(Beginning of INFORMATION SHOWN)

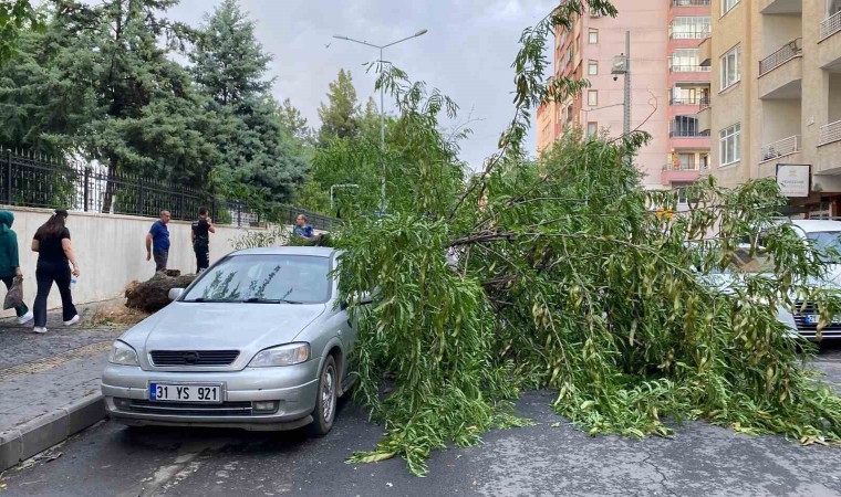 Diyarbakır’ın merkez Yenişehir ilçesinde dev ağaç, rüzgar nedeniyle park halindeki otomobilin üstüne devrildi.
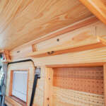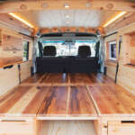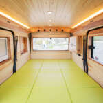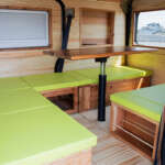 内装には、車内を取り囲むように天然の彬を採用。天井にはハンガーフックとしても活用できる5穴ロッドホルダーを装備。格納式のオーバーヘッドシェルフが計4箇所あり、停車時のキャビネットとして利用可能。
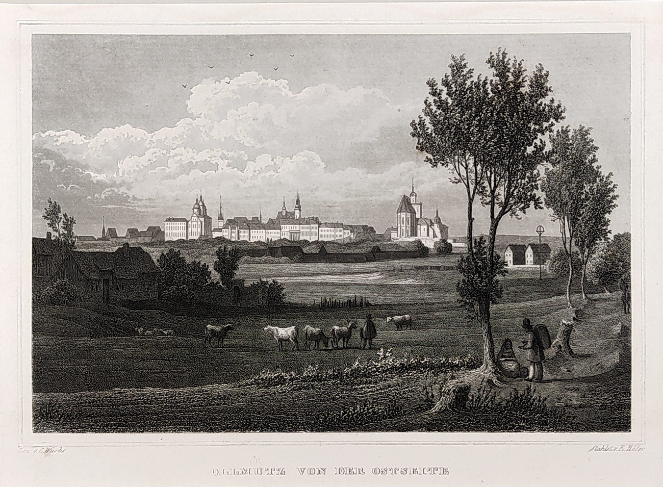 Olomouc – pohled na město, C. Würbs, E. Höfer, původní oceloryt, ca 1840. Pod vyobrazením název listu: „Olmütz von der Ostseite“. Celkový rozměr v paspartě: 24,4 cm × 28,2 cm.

(End of INFORMATION SHOWN)

The data must come back word for word, with every picture removed.

 Diyarbakır’ın merkez Yenişehir ilçesinde dev ağaç, rüzgar nedeniyle park halindeki otomobilin üstüne devrildi.
 内装には、車内を取り囲むように天然の彬を採用。天井にはハンガーフックとしても活用できる5穴ロッドホルダーを装備。格納式のオーバーヘッドシェルフが計4箇所あり、停車時のキャビネットとして利用可能。
 Olomouc – pohled na město, C. Würbs, E. Höfer, původní oceloryt, ca 1840. Pod vyobrazením název listu: „Olmütz von der Ostseite“. Celkový rozměr v paspartě: 24,4 cm × 28,2 cm.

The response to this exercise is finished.